Exercise description: Produce an exact copy of all the data below, dropping every image.

Given material:
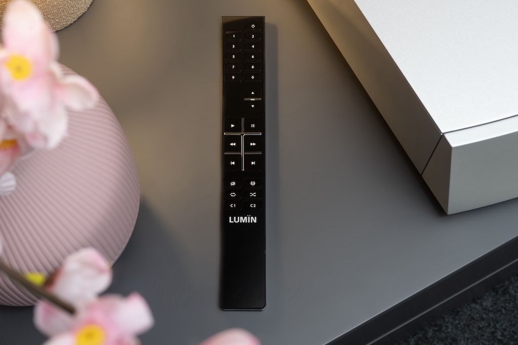 Zunächst stehen die AV-Fähigkeiten des P2 auf dem Testprogramm, wofür der ARC-Anschluss ausgewählt werden muss. Das kann per App geschehen, oder man nimmt die schlanke Fernbedienung zur Hand. Ihre Anmutung steht dem Gerät selbst in nichts nach und der stylische Signalgeber aus Zink und Acryl liegt gut in der Hand. Los geht es mit herkömmlicher TV-Kost in Form von Reportagen, Dokus und YouTube-Videos. Hier sorgt der Netzwerk-Hub schon einmal für eine sehr stimmige Mischung der kräftigen, gut verständlichen Stimmen vorne und der im Hintergrund plastisch aber zurückhaltend aufgebauten Begleitmusik. Auch bei Serien sorgt der P2 für gut verständliche Dialoge und dynamische Effekte. Dazu spielt er erfreulich räumlich und bildet beispielsweise Straßenszenen mit all ihren Hintergrundgeräuschen definiert und großflächig ab. Mit „The King“ geht es dann an echte Kinokost, wo sich der gute Eindruck, den der Lumin beim Fernsehton bisher macht, ungebrochen fortsetzt.
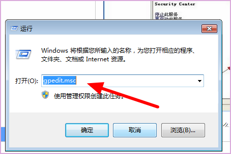 2、然后在弹出来的窗口中点击输入“gpedit.msc”,回车确定。
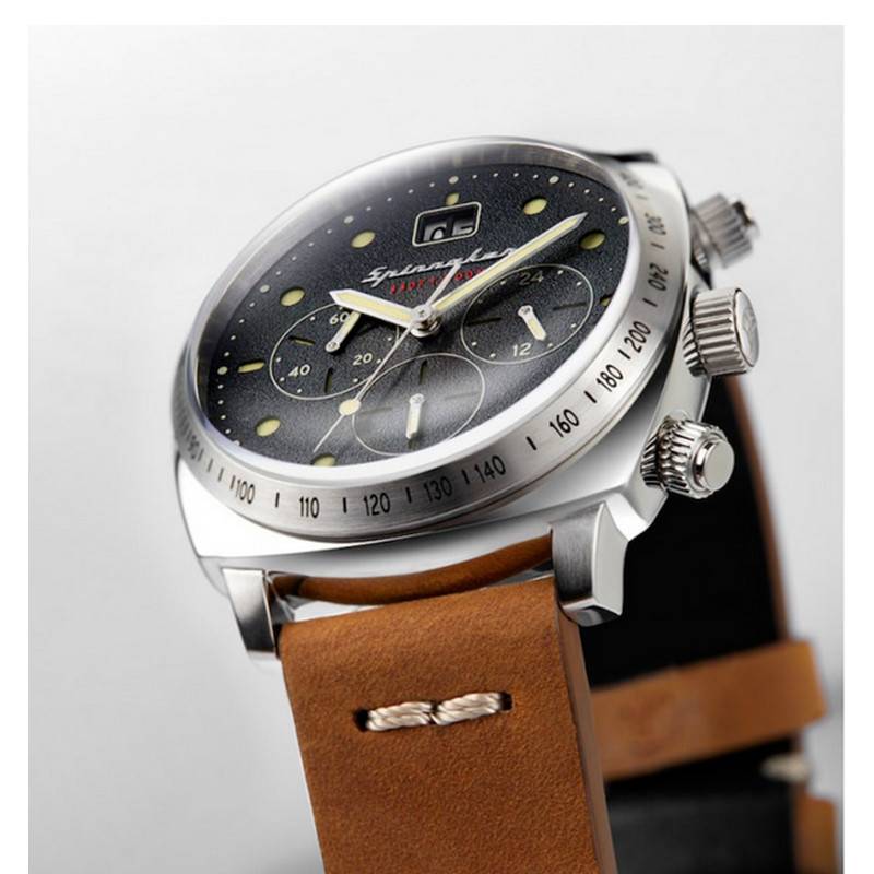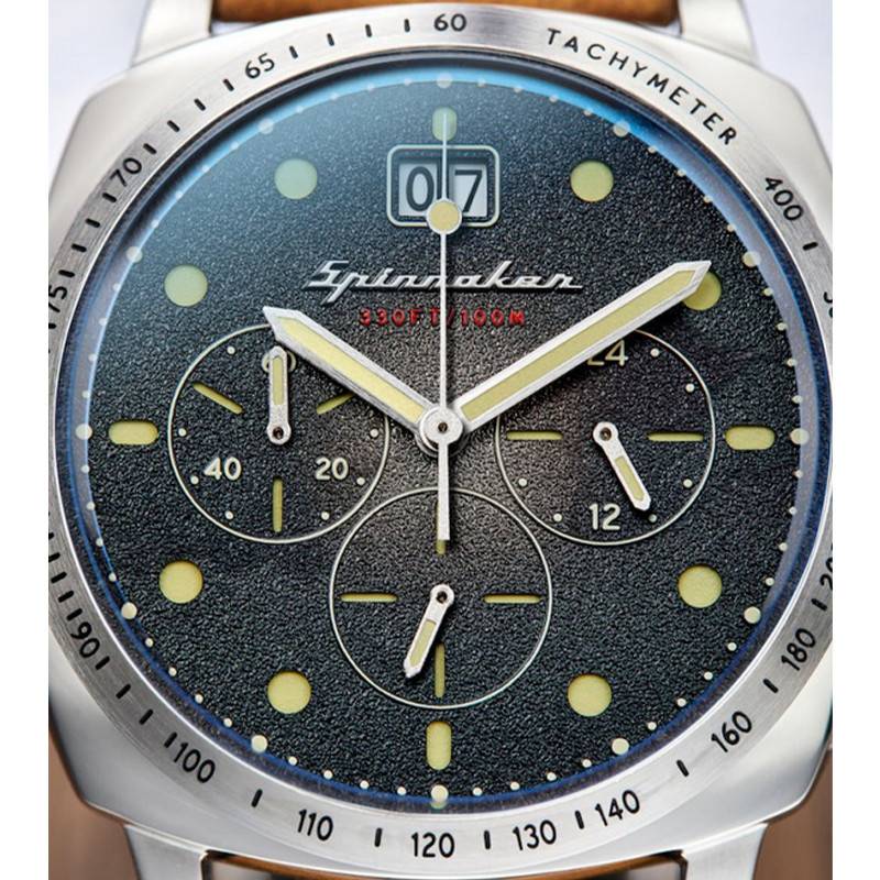 Découvrez la nouvelle collection de montres Hull Chrono de la maison horlogère Spinnaker. Elle s'est inspirée de codes nautiques et vintages pour élaborer des montres très soignées qui apporteront de l'élégance au poignet. Le modèle SP-5068-01 dispose d'un boîtier en acier inoxydable de 42mm de diamètre. Une lunette interne vient se positionner sur ce boîtier. Sur cette dernière vous pourrez apercevoir un tachymètre qui montrera sa praticité au quotidien. De plus, vous observerez la présence de trois couronnes remontoirs à deux, trois et quatre heures pour régler l'heure ainsi que les compteurs. Pour protéger ce précieux boîtier contre divers dégâts un verre minéral viendra prendre place pour le recouvrir. Enfin le fond de boîtier vissé donnera une étanchéité de 10 ATM.

Task response:
 Zunächst stehen die AV-Fähigkeiten des P2 auf dem Testprogramm, wofür der ARC-Anschluss ausgewählt werden muss. Das kann per App geschehen, oder man nimmt die schlanke Fernbedienung zur Hand. Ihre Anmutung steht dem Gerät selbst in nichts nach und der stylische Signalgeber aus Zink und Acryl liegt gut in der Hand. Los geht es mit herkömmlicher TV-Kost in Form von Reportagen, Dokus und YouTube-Videos. Hier sorgt der Netzwerk-Hub schon einmal für eine sehr stimmige Mischung der kräftigen, gut verständlichen Stimmen vorne und der im Hintergrund plastisch aber zurückhaltend aufgebauten Begleitmusik. Auch bei Serien sorgt der P2 für gut verständliche Dialoge und dynamische Effekte. Dazu spielt er erfreulich räumlich und bildet beispielsweise Straßenszenen mit all ihren Hintergrundgeräuschen definiert und großflächig ab. Mit „The King“ geht es dann an echte Kinokost, wo sich der gute Eindruck, den der Lumin beim Fernsehton bisher macht, ungebrochen fortsetzt.
 2、然后在弹出来的窗口中点击输入“gpedit.msc”,回车确定。
 Découvrez la nouvelle collection de montres Hull Chrono de la maison horlogère Spinnaker. Elle s'est inspirée de codes nautiques et vintages pour élaborer des montres très soignées qui apporteront de l'élégance au poignet. Le modèle SP-5068-01 dispose d'un boîtier en acier inoxydable de 42mm de diamètre. Une lunette interne vient se positionner sur ce boîtier. Sur cette dernière vous pourrez apercevoir un tachymètre qui montrera sa praticité au quotidien. De plus, vous observerez la présence de trois couronnes remontoirs à deux, trois et quatre heures pour régler l'heure ainsi que les compteurs. Pour protéger ce précieux boîtier contre divers dégâts un verre minéral viendra prendre place pour le recouvrir. Enfin le fond de boîtier vissé donnera une étanchéité de 10 ATM.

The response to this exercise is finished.